TASK DESCRIPTION >> The records are to be copied from the line that contains "Hand-painted. Fox hunt" through their last line, word for word, with every picture left out.

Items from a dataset
BEGIN
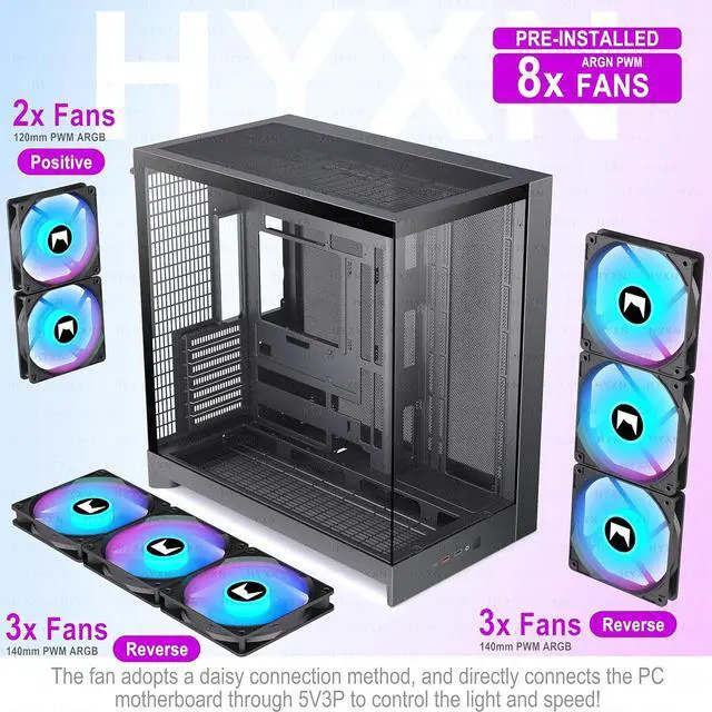 Includes 8 ARGB PWM fans (6x140mm reverse, 2x120mm forward).
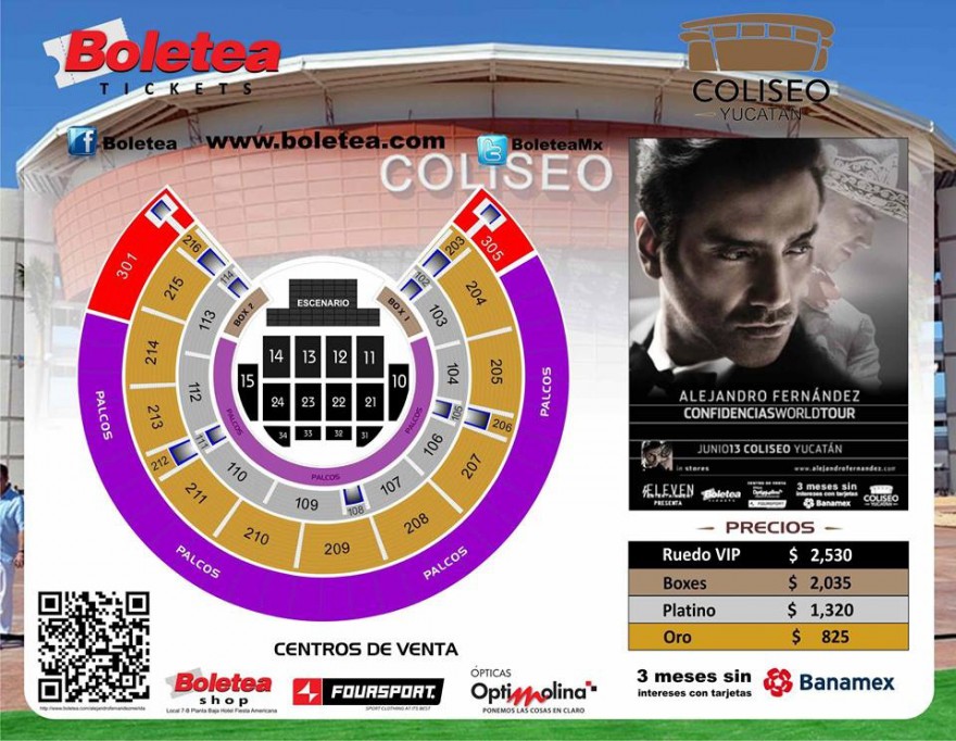 "Está la taquilla propiamente del Coliseo en un horario de 10 am hasta las 7 de la noche y caso de que haya cola, vamos a extender los horarios; tenemos también la tienda Optimolina con tres sucursales en Altabrisa, Gran Plaza y Sendero, la tienda Foursport y tenemos un lugar especial diseñado por parte de la boletera donde pueden adquirir sus boletos. El ruedo VIP es de 2 mil 530, boxes los vamos a estar dando en 2 mil 035, la sección de platino en mil 320 y oro en 825 pesos" indicó.
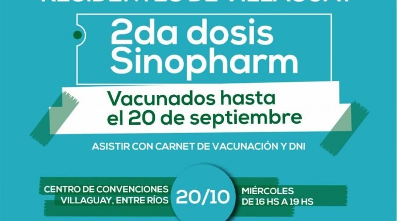 La Municipalidad de Villaguay informa que en la continuidad del Plan Rector de Vacunación contra el Covid-19, mañana de 16 a 19 hs en el Centro de Convenciones se llevará adelante la aplicación de segundas dosis.
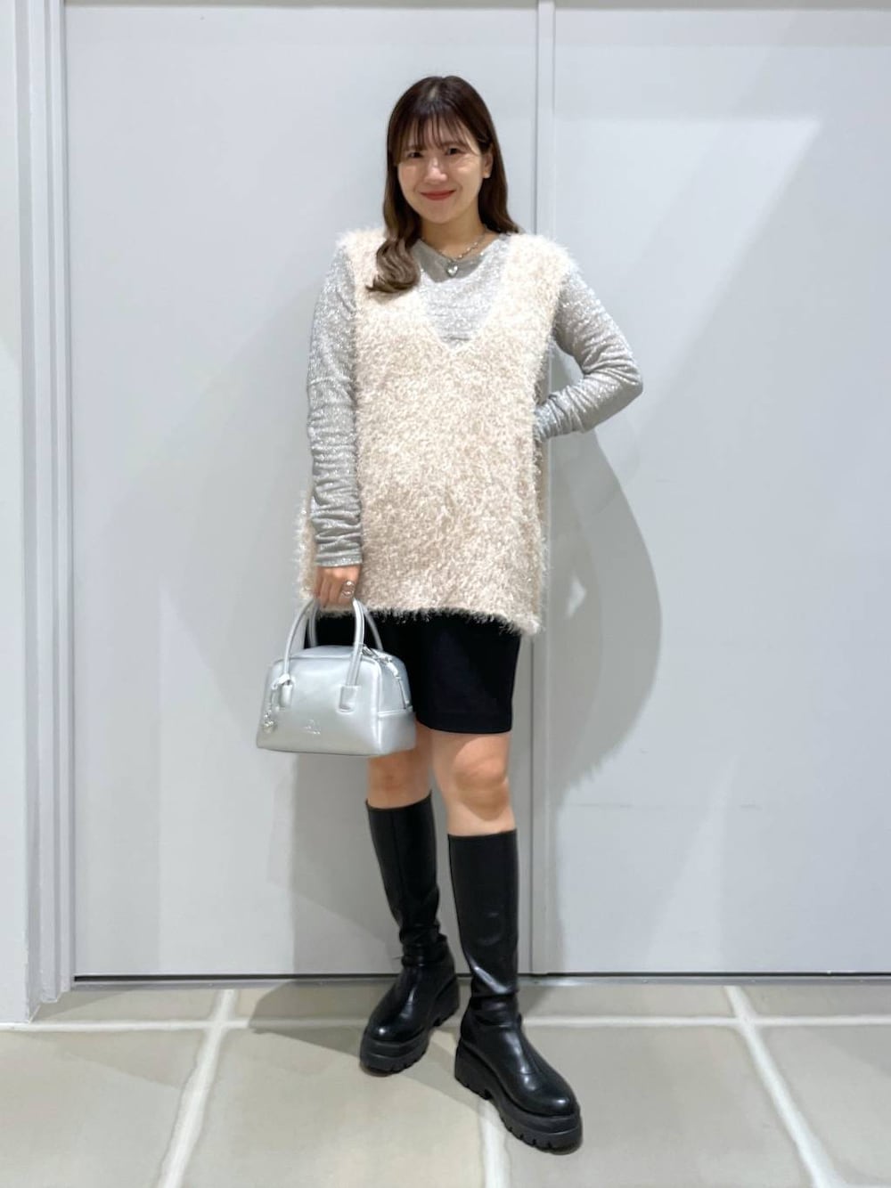 ラメのキラキラ感が可愛いニットベスト♡ コーデの主役にぴったりで、カジュアルにもきれいめにもシーンを問わず使えます! ショーパンは、短すぎないので大人も履きやすい丈感です!厚底ブーツ合わせならさらに体型カバーもできます♡ 他にも動画やコーデたくさん載せています! 是非フォローしてご覧ください♡
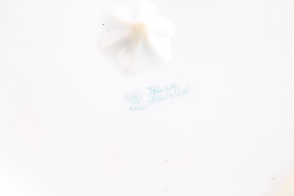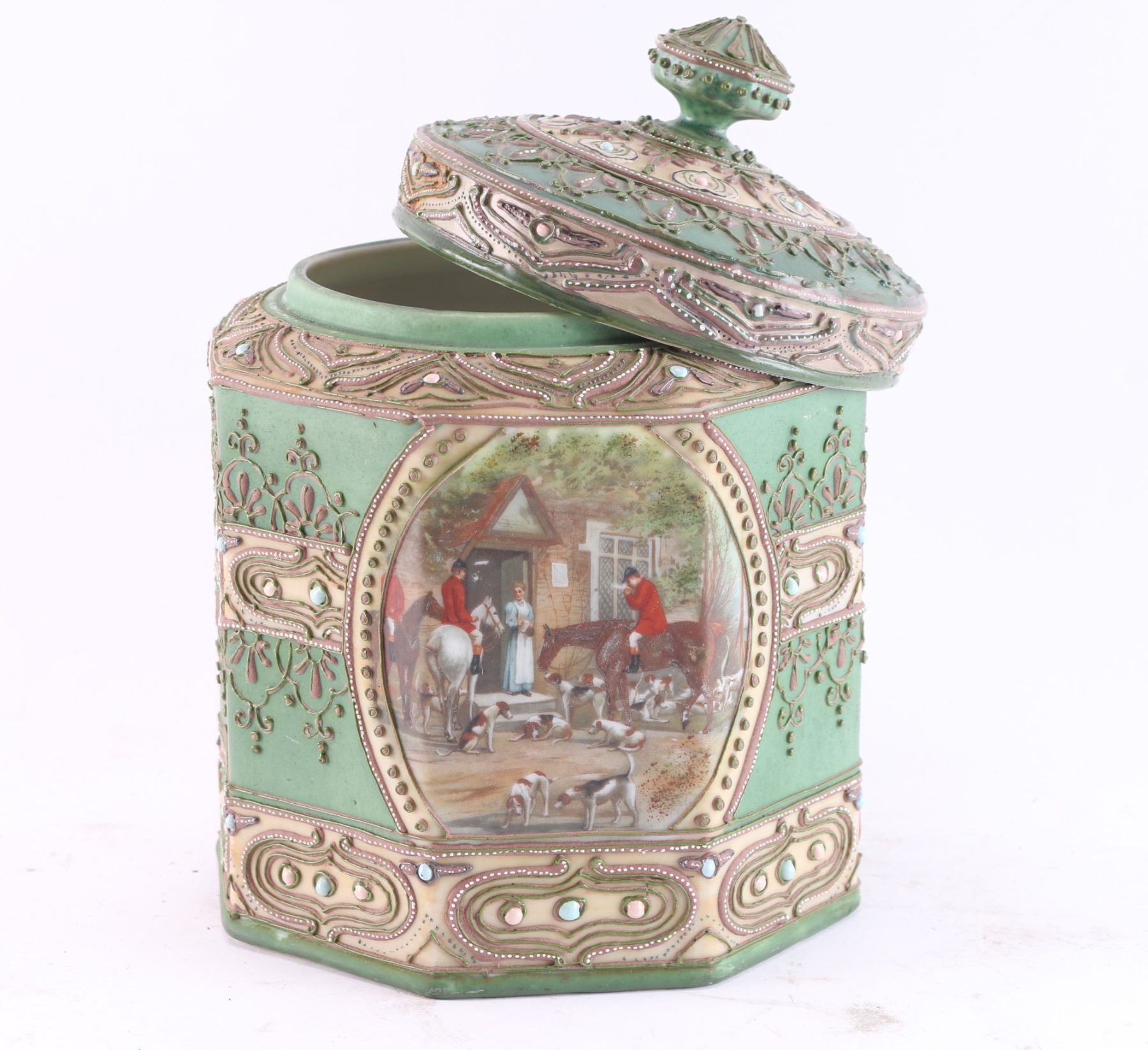 Hand-painted. Fox hunt scene with raised and ornate decoration. 8 1/4" tall. Near fine condition.
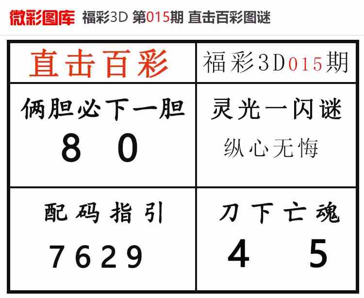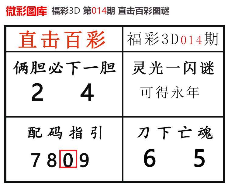 • 26020期:福彩3D【直击百彩】微彩图谜 上期杀码红、胆码红2
END
WRITTEN REPLY >>
 Hand-painted. Fox hunt scene with raised and ornate decoration. 8 1/4" tall. Near fine condition.
 • 26020期:福彩3D【直击百彩】微彩图谜 上期杀码红、胆码红2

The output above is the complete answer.